Обычно я замечаю афиши на следующий день после спектакля или концерта. Целую неделю я равнодушно ходил мимо газетного киоска, но эту все-таки углядел вовремя: вечером дают оперу Генделя «Акид и Галатея» в концертном исполнении. Ставят эту оперу редко, хотя во времена Генделя она была первостатейным хитом. Ансамбль любительский, догадался я; но иногда они бывают даже лучше профессионалов.

Оперу давали в большом белом храме, от моего дома до него рукой подать. В войну этот район разбомбило в пыль; потом груды щебня и фундаменты домов лишь обнесли шатким забором. Теперь же на этом месте красуется образчик советской безнравственности: видневшиеся прежде в земле контуры стоявших там некогда зданий теперь скрыты под густыми зарослями сорняков. В отреставрированной церкви Св. Николая устраиваются выставки и концерты; трудно сказать, была ли она официально экспроприирована государством.

Я рассчитывал прийти на концерт заранее, но немного припоздал; пришлось сесть в первом ряду, только там еще оставались свободные места. Некоторые исполнители бродили по залу и болтали, другие настраивали инструменты. Кроме флейт, всё — современного производства. В глубине, за ширмой, распевалась на высоких нотах сопрано. Вне сомнения, любительница, хотя голос уже поставлен, не режет варварски слух.

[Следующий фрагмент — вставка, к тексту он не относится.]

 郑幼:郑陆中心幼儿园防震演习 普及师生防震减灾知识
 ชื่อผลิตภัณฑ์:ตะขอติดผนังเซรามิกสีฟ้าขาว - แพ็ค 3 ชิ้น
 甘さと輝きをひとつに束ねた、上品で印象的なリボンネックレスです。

Появился запыхавшийся мужчина с хвостиком седых волос на затылке, поразительно похожий на того посетителя, что сидел на терраске кафе. Лицо его раскраснелось от бега. В руках он держал футляр, судя по форме, — с теорбой[13]. До начала оставалось пять минут, а на настройку теорбы уходит минут десять, не меньше. Усевшись точно напротив меня, оркестрант поставил между ног свой объемистый инструмент с нелепо длинным грифом и стал подтягивать струны. Это и впрямь оказался тот самый посетитель, с терраски «Майолики». Вот уж кого я никак не ожидал здесь увидеть. В памяти живо всплыло мое посещение кафе, я смутился. В «Майолике» я вел себя, как недоросль. Даже молокосос. Но после неудачной попытки найти забытую книгу (и еще раз увидеть ту девушку) я повзрослел. И твердо решил впредь держать себя в руках.

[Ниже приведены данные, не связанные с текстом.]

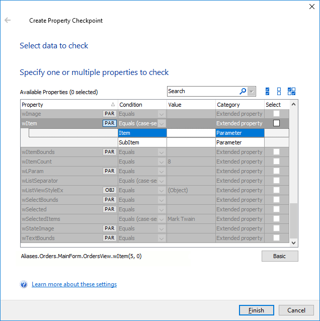 4、TestComplete将打开Create Checkpoint向导,该向导将显示对象属性列表。此列表包括TestComplete提供的属性以及测试应用程序定义的属性。例如,我们测试的应用程序是在C#中创建的,因此该列表包含相应.NET类的属性。
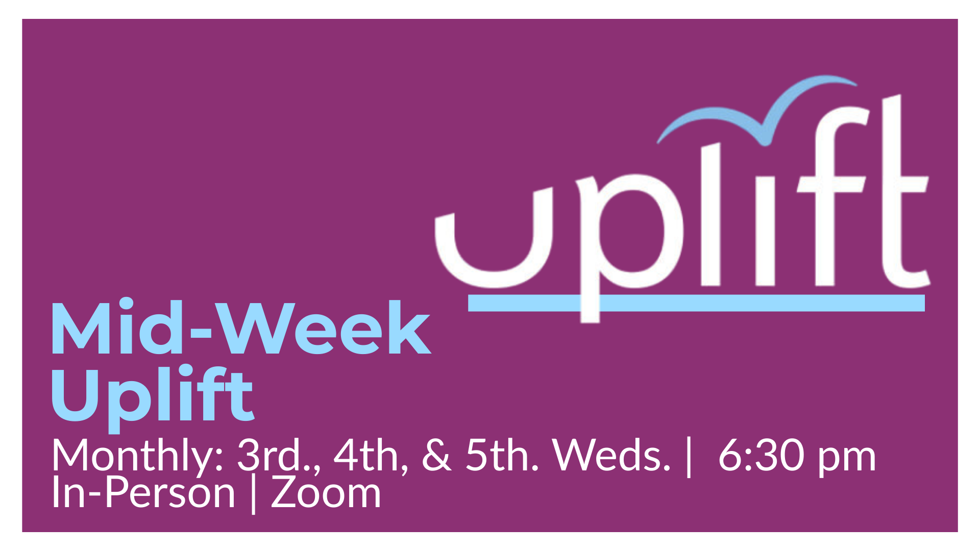 Mid-Week Uplift – Last Two Wednesdays of the month at 6:30 PM
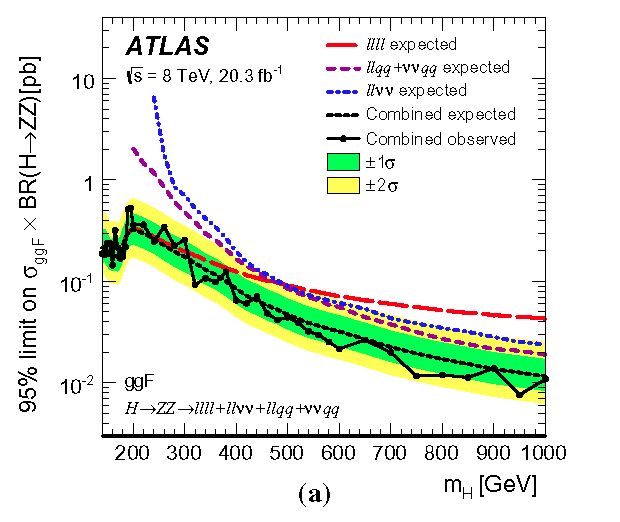 95 \% CL upper limits on $\sigma BR(H \rightarrow ZZ)$ as a function of mH...
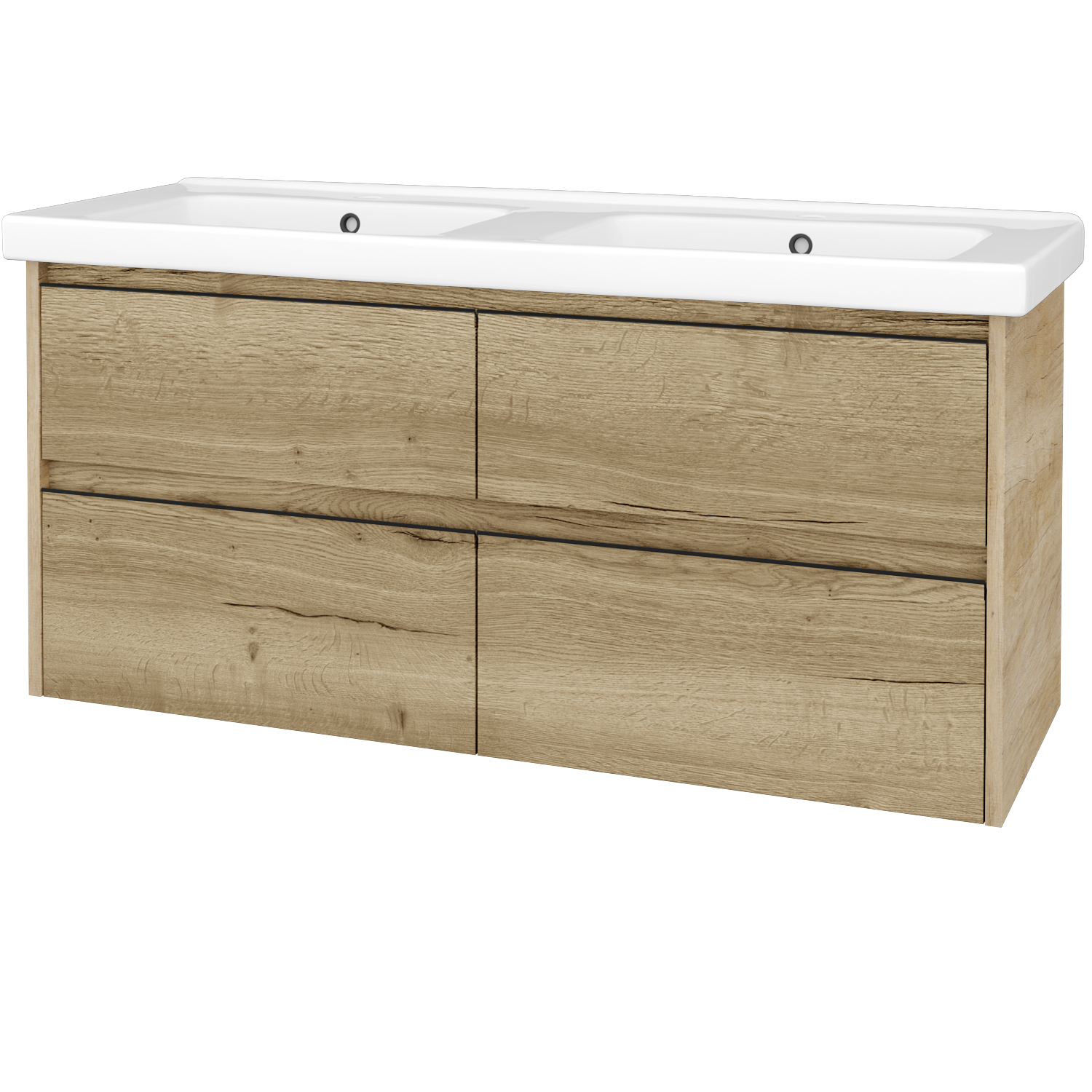 Umyvadlová skříňka (1210x560x445) se 4 zásuvkami a keramickým dvojumyvadlem Harmonia 125 Zobrazit více

Можно было подумать, что «Акида и Галатею» исполняли специально ради меня: опера целиком посвящена безнадежной любви. В отпечатанную на ксероксе программку было вложено либретто на английском и даже краткое изложение эстонского вступления:


В нимфу Галатею, дочь нереиды, влюблен Полифем — гигант Циклоп с безобразным телом. Но Галатея любит юного пастуха Акида, сына бога Пана. Однажды, когда Галатея отдыхала на морском берегу, положив голову на грудь Акида, Полифем неожиданно напал на этих и в доступе ярости убил Акида, раздавив его под огромной скалой. Галатея, прибегнув к волшебным чарам, увековечила свой усопший любовник в фонтанном потоке некончающемся.


Наконец, исполнители удалились, и наступила долгожданная тишина.

Из-за ширм вышел мужчина в синем костюме с шелковым шарфом на шее и вздыбленными, как у Бетховена, волосами. В его речи я разобрал только имена: Гендель, Акид, Полифем, Галатея, Овидий и арахис масло; впрочем, последнее было, скорее всего, лишь случайным созвучием слов. Раздались сдержанные аплодисменты, мужчина поклонился; публика хлопала дольше, чем принято в Англии, но меньше, чем в Германии. Как только появились исполнители, аплодисменты, почти затихшие, вспыхнули с новой силой; судя по мощному крещендо, в зале сидели друзья и родные артистов.

Я, однако, не хлопал. Мои ладони застыли в воздухе, я замер с невидимым мячом в руках и разинутым от удивления ртом, на верхней губе выступили капли пота. Рядом с теорбистом, прямо передо мной — наши колени разделяло футов шесть, не более, — усаживалась со скрипкой в руках официантка из кафе «Майолика».


В итоге все произошло по вине музыканта, игравшего на теорбе. До определенного момента наши с ней глаза ни разу не встретились. Я упорно разглядывал других музыкантов и стоявших сзади певцов — и тех и других было по доброй дюжине. Когда же мой взгляд случайно падал на нее, она сосредоточенно смотрела в стоявшие на пюпитре ноты. Партия у нее и так несложная, но ее, вероятно, еще упростили — на мой взгляд, официантка играла примерно на уровне хорошей ученицы шестого класса музыкальной школы. В программке я нашел имена скрипачек: Каджа и Риина. Стало быть, одна из двух. Почему-то имя Риина ей подходило больше. Имя Каджа вызывало у меня ассоциации со словом «кадка». Одета она была в черное платье с мягкими, свободно болтающимися манжетами, которое напоминало, к сожалению, одеяние ведьм.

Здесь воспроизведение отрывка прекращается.